Spark¢RDD(1) - 芒果文档

📌 相关文章

📜 Spark¢RDD(1)

📅 最后修改于: 2023-12-03 15:05:14.972000 🧑 作者: Mango

Spark RDD

Apache Spark is a distributed computing framework that enables fast and scalable processing of large-scale data. One of the core components of Spark is RDD (Resilient Distributed Dataset), which is a distributed collection of data that can be processed in parallel.

Creating RDD

RDD can be created in multiple ways, including:

Parallelizing an existing collection in your driver program: sc.parallelize(Seq(1, 2, 3))
Referencing an external dataset, such as a file in HDFS, HBase, or any data source supported by Hadoop: sc.textFile("hdfs://path/to/file.txt")
Transforming an existing RDD with operations such as map, filter, or groupByKey: rdd.map(x => x * 2)

Transformations

RDD supports two types of operations: transformations and actions.
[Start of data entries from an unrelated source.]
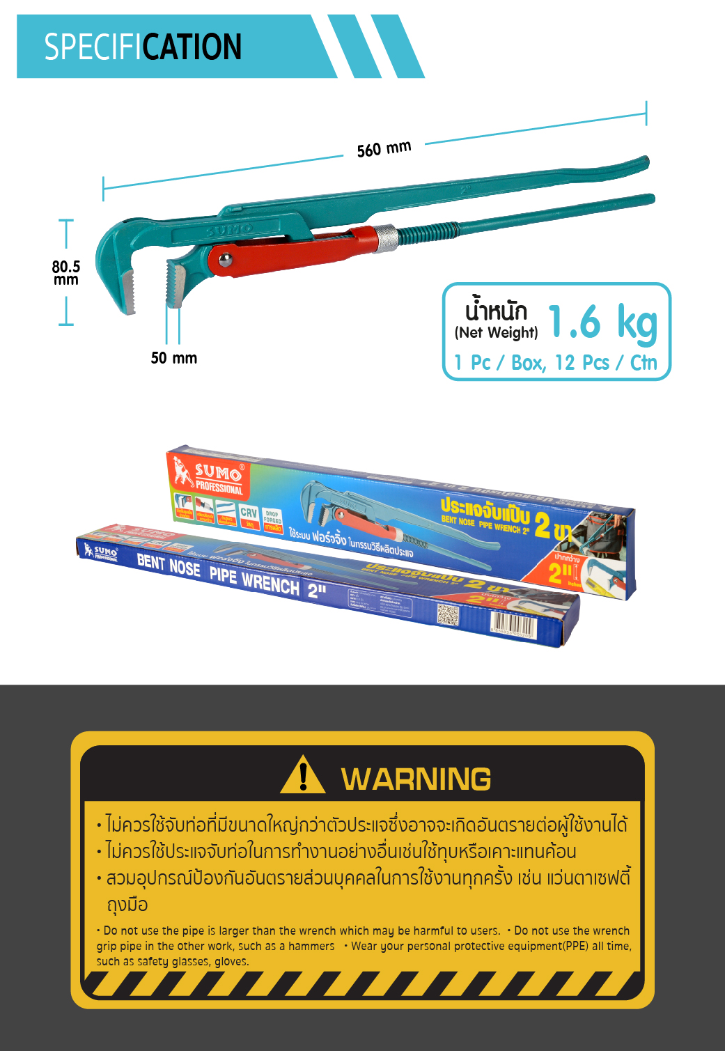 ประแจจับแป๊ป 2 ” 2 ขา SUMO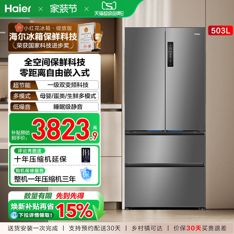 换新补贴海尔小红花503L法式四门一级超薄零嵌入式家用风冷冰箱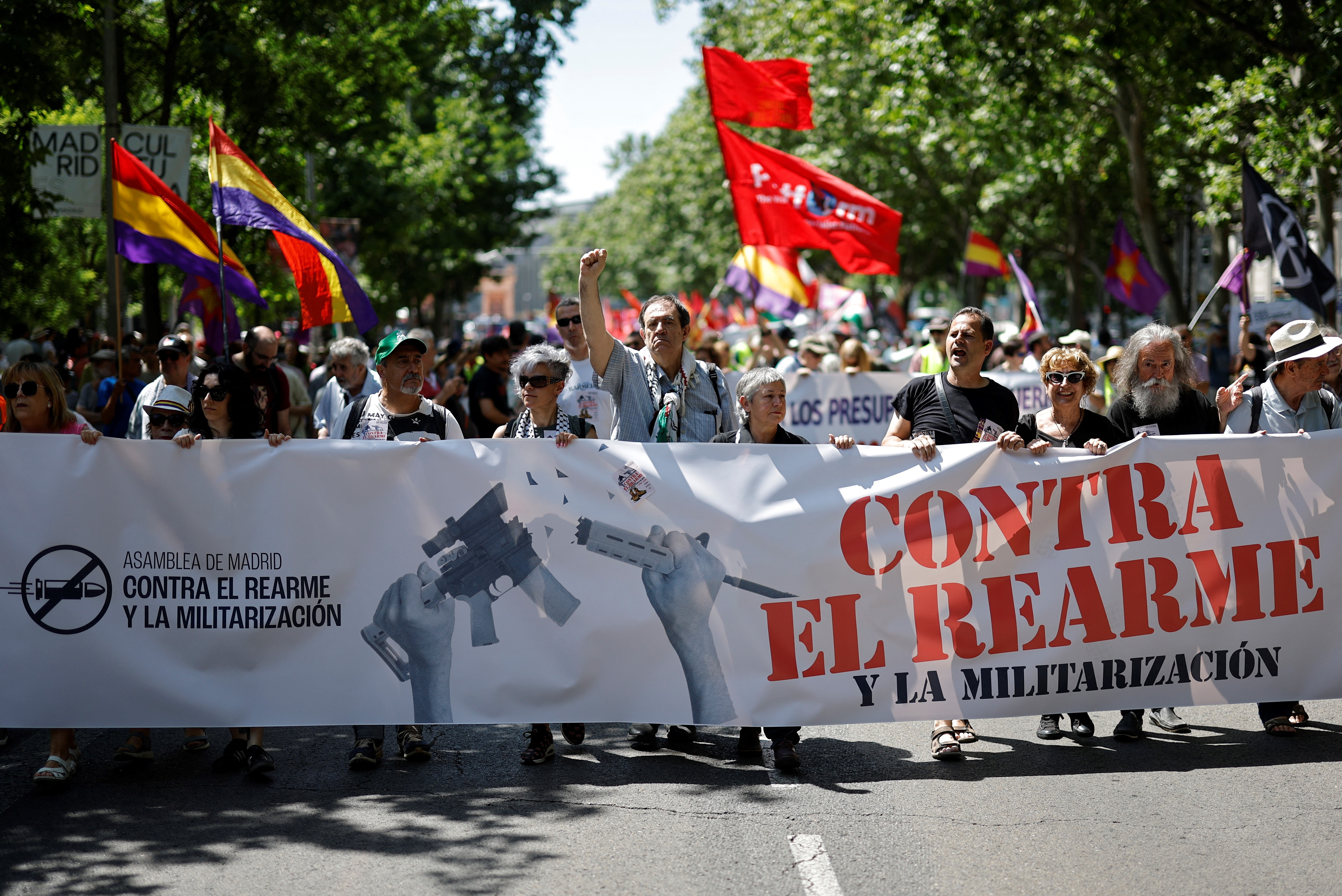 Aproximativ 3.000 de protestatari, potrivit estimărilor oficiale, s-au adunat sâmbătă în capitala spaniolă Madrid la o manifestaţie împotriva reînarmării Europei şi a creşterii cheltuielilor militare la 5% din PIB, transmite agenţia EFE.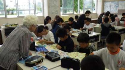 今日は5年生の家庭科の授業に、地域の手芸サークルの皆さんにご来校いただき、手縫い練習のお手伝いをしていただきました。「つむぎの会」の皆さんには、ここ数年、高学年の家庭科の授業に何度もお手伝いいただいています。おかげで、一人二人の教員ではとても手に負えない個別指導が充実し、子どもたちの技術が見る見る上達していきます。わずか80分間ほどの実習で、児童はいろいろな縫い方をマスターしていきました。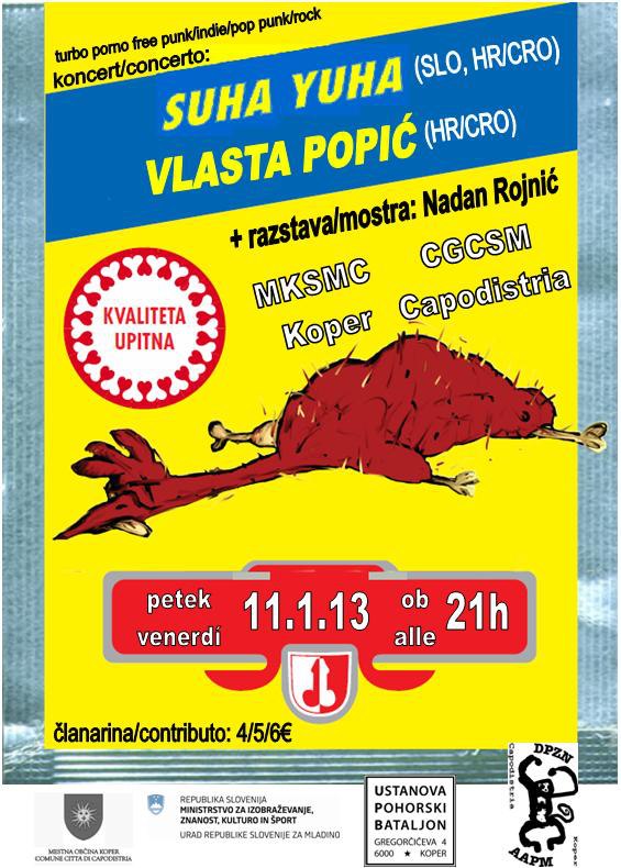 Pred koncertom je bila odprta še majhna razstava Nadana Rojnića, ki pa je bila nekakšna zbirka majhnih skic. Nadan je pred leti redno oblikoval plakate koprskega mladinskega centra in prav večina teh plakatov krasi zidove predprostora mladinskega centra. Prvi nastopajoči so bili Suha Yuha, skupina je sestavljena iz treh članov, ki pa so v bistvu stari mački, saj so ali pa preigravajo v bendih, kot so Žambo Žoet Workestrao, Kud Idioti in Gori Ussi Winnetou. V samem začetku je vse skupaj delovalo zmedeno, saj nisi mogel takoj dojeti bistva benda. Pri Suhi Yuhi gre za nekakšno eksperimentalno zmes punka, free-jazza in improviziranega hrupa, to pa je vse skupaj vrhunsko zmešano. Bobnar je bil glavna atrakcija v bendu, saj je on najbolj tehnično izstopal. Njegove spretnosti so ti prav vzele pozornost in si pozabil na kitaro in bas, ki sta postala le hrup v ozadju. Malo je bilo momentov, ko je iz celote izstopila kitara in še manjkrat se je to zgodilo basistu. Kljub temu, da sta kitarist in basist vrhunsko odigrala svoj del, je bilo pač bobnanje res izjemno. Bend je v živo zelo dinamičen in nepredvidljiv, tako so lahko iz nekakšne jazzerske improvizacije preskočili v hitri in hrupni punk ali pa zadevo umirili in ustvarili popolnoma temačno vzdušje. Žanrski preskoki so bili nenadni in prav to je bil razlog, da je vse skupaj delovalo zanimivo in klicalo po pozornosti. Njihov nastop je trajal približno pol ure, kar pa je popolnoma zadoščalo. Več bi bilo preveč.

Transformations are lazy, which means they do not compute the result immediately but create a new RDD. Examples of transformations include:

map: applies a function to each element in the RDD and returns a new RDD.
filter: selects elements from the RDD that satisfy a condition and returns a new RDD.
flatMap: applies a function to each element in the RDD and returns a flattened new RDD.
groupByKey: groups elements with the same key and returns a new RDD of (key, values) pairs.

Actions

Actions are operations that trigger computation on the RDD and return a result. Examples of actions include:

count: returns the number of elements in the RDD.
collect: returns all the elements in the RDD to the driver program.
reduce: applies a function to reduce the elements in the RDD to a single value.

Caching

RDD can be cached using the cache method to persist it in memory across operations. This can improve performance by reducing the amount of I/O needed to compute subsequent operations on the RDD.

Conclusion

Spark RDD is a powerful abstraction that enables efficient and scalable processing of large-scale data. Its support for transformations and actions allows for flexible and expressive data processing workflows.